11 P. W. Fischer: Fiasko Sex. Rake Verlag 2001.
12 Simone de Beauvoir: Das andere Geschlecht. Rowohlt Verlag 2000.
Es wird jedoch heutzutage Wert darauf gelegt, den Mädchen schon recht früh zu
vermitteln, „Nein“ zu sagen, wenn sie keine Lust haben und sie darin zu bestärken,
sich bei der Bestimmung des Zeitpunktes für das „erste Mal“ nicht von dem Druck der
Peer-Group oder anderen Einflüsse leiten zu lassen.
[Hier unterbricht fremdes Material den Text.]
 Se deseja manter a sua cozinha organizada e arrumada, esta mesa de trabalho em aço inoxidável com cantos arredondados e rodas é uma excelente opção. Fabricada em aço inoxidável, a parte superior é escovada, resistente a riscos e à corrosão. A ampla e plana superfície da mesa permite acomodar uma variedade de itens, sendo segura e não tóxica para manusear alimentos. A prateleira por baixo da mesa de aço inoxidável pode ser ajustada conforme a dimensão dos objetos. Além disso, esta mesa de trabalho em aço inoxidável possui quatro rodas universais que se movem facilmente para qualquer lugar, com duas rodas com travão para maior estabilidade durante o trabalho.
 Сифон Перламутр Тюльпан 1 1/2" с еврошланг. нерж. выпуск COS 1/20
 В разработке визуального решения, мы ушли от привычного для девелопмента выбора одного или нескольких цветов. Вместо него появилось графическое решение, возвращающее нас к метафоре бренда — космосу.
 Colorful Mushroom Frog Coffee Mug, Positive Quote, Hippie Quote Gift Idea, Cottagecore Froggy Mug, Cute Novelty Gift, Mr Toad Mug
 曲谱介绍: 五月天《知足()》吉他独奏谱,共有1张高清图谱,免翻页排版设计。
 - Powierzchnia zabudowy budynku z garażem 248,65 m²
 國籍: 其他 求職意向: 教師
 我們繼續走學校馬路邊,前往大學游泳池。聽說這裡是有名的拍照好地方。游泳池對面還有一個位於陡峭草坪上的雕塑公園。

Dennoch fällt es Frauen aber –
gerade auch durch ihre gegenwärtig zunehmende mediale Sexualisierung –, sich
eindeutig als Subjekt des eigenen Begehrens wahrzunehmen und nicht zu einem
großen Teil als Objekt, das gelernt hat, sich auch mal zu verweigern.
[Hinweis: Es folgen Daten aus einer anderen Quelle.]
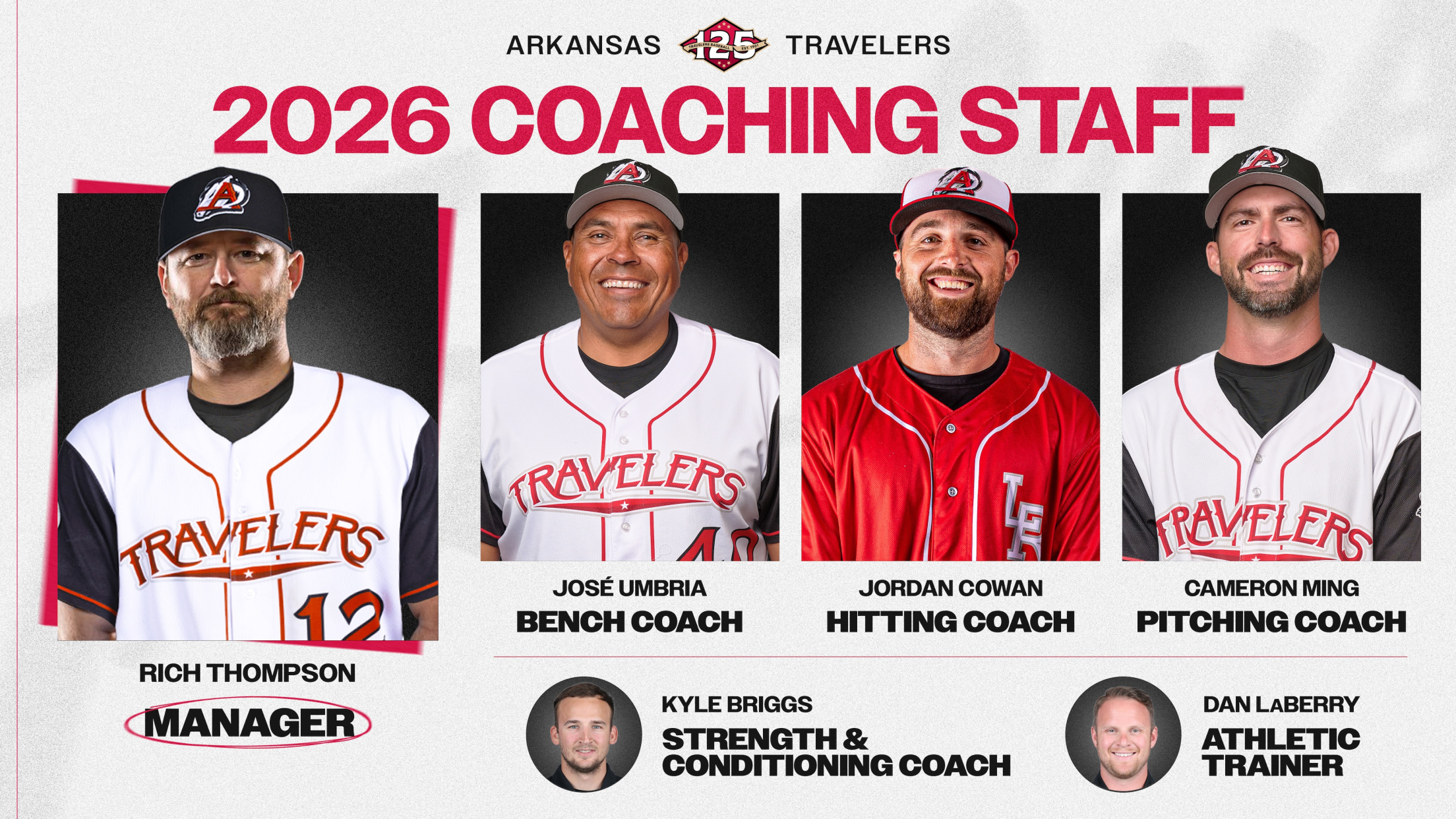 The Arkansas Travelers and their MLB parent club, the Seattle Mariners, are proud to reveal the Travelers coaching staff for the 2026 season, led by new Manager Rich Thompson. Thompson comes to the Travs after serving as the Head Baseball Coach and Athletic Director at National Park College in Hot

Ein unbeschwerter Umgang mit der eigenen Sexualität bedeutet, möglichst
selbstständig und verantwortungsvoll mit ihr umzugehen und nicht dem
Märchenprinzen entgegenzuträumen, der die Wege in das geheime Königreich der
sexuellen Gelüste ebnet.
Es ist maßgeblich, den eigenen Körper anzunehmen und den körperlichen
Bedürfnissen einen hohen Stellenwert einzuräumen. Das gelingt schwer, wenn
Mädchen und Frauen ständig darauf bedacht sind, ihren Körper dem
Schönheitsdiktat zu unterwerfen, und in Angst vor Diskriminierungen und
sexualisierten Übergriffen leben müssen.
Ebenso wichtig ist eine präsentere gesellschaftliche und mediale
Auseinandersetzung mit der weiblichen Lust und den weiblichen Lustorganen. Der
Phallus hat nach wie vor eine sehr viel größere Symbolkraft für die Sexualität
schlechthin. Allerdings gibt es Bestrebungen, dem etwas entgegenzusetzen, wie die
etwas esoterisch anmutenden Bilder der Künstlerin Judy California beweisen, deren
Anliegen es ist, die weiblichen Geschlechtsteile mit immer neuen Mitteln und in
immer neuen Zusammenhängen darzustellen.